6. Maior participação nos últimos 20 anos
As eleições marcaram o maior comparecimento às urnas em vinte anos. No domingo, a abstenção ficou em 33,8%. Nas eleições de 2022, a abstenção tinha sido de 48,5% e, nas anteriores, em 2019, a taxa de abstenção tinha sido a mais alta já registrada, rondando os 51,4%.
A elevada participação explica também os erros nas pesquisas, sobretudo no que diz respeito ao Chega, partido que se beneficiou mais com o aumento do comparecimento às urnas.
7. O voto por correio
Há ainda quatro vagas de deputados em jogo — as vagas que cabem aos portugueses no exterior que votam, na sua maioria, por correio.
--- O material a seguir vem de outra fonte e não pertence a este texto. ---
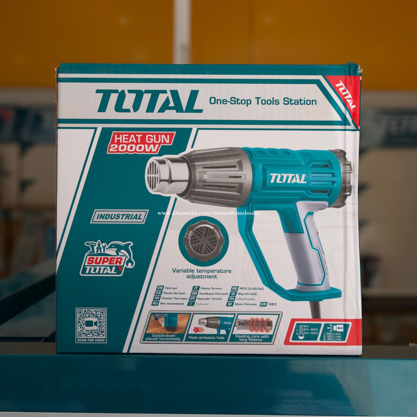 TOTAL Heat Gun 2000W (Industrial) (TB20025) តម្លៃ: $27.30 សភាព: ថ្មី 100% ប្រភេទ: ម៉ាស៊ីនបាញ់ខ្យល់ក្តៅ / Heat Gun ម៉ាក: TOTAL ថាមពល: 2000W ពណ៌នាផលិតផល TOTAL Heat Gun 2000W គឺជាម៉ាស៊ីនបាញ់ខ្យល់ក្តៅសម្រាប់ការងារឧស្សាហកម្ម និងការងារជួសជុលទូទៅ ដែលត្រូវការកម្តៅខ្ពស់ និងការគ្រប់គ្រងសីតុណ្ហភាពបានត្រឹមត្រូវ។ មានមុខងារ កំណត់សីតុណ្ហភាពអថេរ (Variable Temperature Adjustment) និងរចនារឹងមាំ ងាយកាន់ សាកសមសម្រាប់ការប្រើប្រាស់ជាប្រចាំ។ លក្ខណៈបច្ចេកទេស (Specifications) ប្រភេទ: Heat Gun ថាមពល: 2000W កម្រិតសីតុណ្ហភាព: Level I: 50°C Level II: 50°C – 450°C Level III: 50°C – 550°C បរិមាណខ្យល់: Level I: 250 L/min Level II: 350 L/min Level III: 450 L/min មុខងារ: Variable temperature control កម្រិតប្រើប្រាស់: Industrial វ៉ុល: AC 220–240V / 50–60Hz អត្ថប្រយោជន៍ កម្លាំង 2000W កម្តៅខ្លាំង និងស្ថេរភាព កំណត់សីតុណ្ហភាពបានតាមប្រភេទការងារ រចនាមានតុល្យភាព ងាយកាន់ មិនធ្ងន់ដៃ ប្រើបានទាំងការងារតូច និងការងារឧស្សាហកម្ម គ្រាប់កម្តៅអាយុកាលយូរ អ្វីដែលមានក្នុងប្រអប់ TOTAL Heat Gun 2000W ក្បាលបាញ់ខ្យល់ (Nozzles) ច្រើនប្រភេទ ឧបករណ៍ជំនួយសម្រាប់ការងារកម្តៅ សាកសមសម្រាប់ ដោះស្លាក និងស្កotch បត់បែនប្លាស្ទិក / PVC បាញ់កម្តៅលើថ្នាំពណ៌ ការងារជួសជុលអគ្គិសនី និងឧស្សាហកម្ម ការងារផ្ទះ និងរោងជាង

Esses votos devem ser contabilizados nas próximas duas semanas. No entanto, tendo em conta a diferença entre os dois principais partidos, esses votos não devem ter peso suficiente para mudar o resultado das eleições.
8. O papel do Presidente da República
Agora é a vez do presidente de Portugal, Marcelo Rebelo de Sousa, responsável por indicar qual dos candidatos deve formar governo. O presidente vai ouvir todos os partidos e, até sexta-feira (15/3), terá de indicar um dos candidatos. Com toda a probabilidade, o candidato escolhido será Luís Montenegro, o vencedor das eleições, uma vez que além de ter vencido as eleições, não há uma maioria alternativa viável à esquerda.
O próprio líder do PS excluiu esta possibilidade: “Qualquer solução dessas teria um chumbo de toda a direita”, comentou o líder socialista. “Não nos compliquemos. Nós não temos uma maioria”, frisou.
Já Montenegro, afirmou esperar o convite do presidente da República. “Face à vitória eleitoral, é minha expectativa fundada que o senhor Presidente da República me possa indigitar [indicar] para primeiro-ministro. Na expectativa de que tal vai acontecer, o meu compromisso é cumprir a mudança. Vai-se cumprir com um novo primeiro-ministro, com novo governo e com novas políticas”.
9. Governabilidade
Os resultados e as posições dos diversos partidos deixam muitas dúvidas sobre a governabilidade e a estabilidade de Portugal.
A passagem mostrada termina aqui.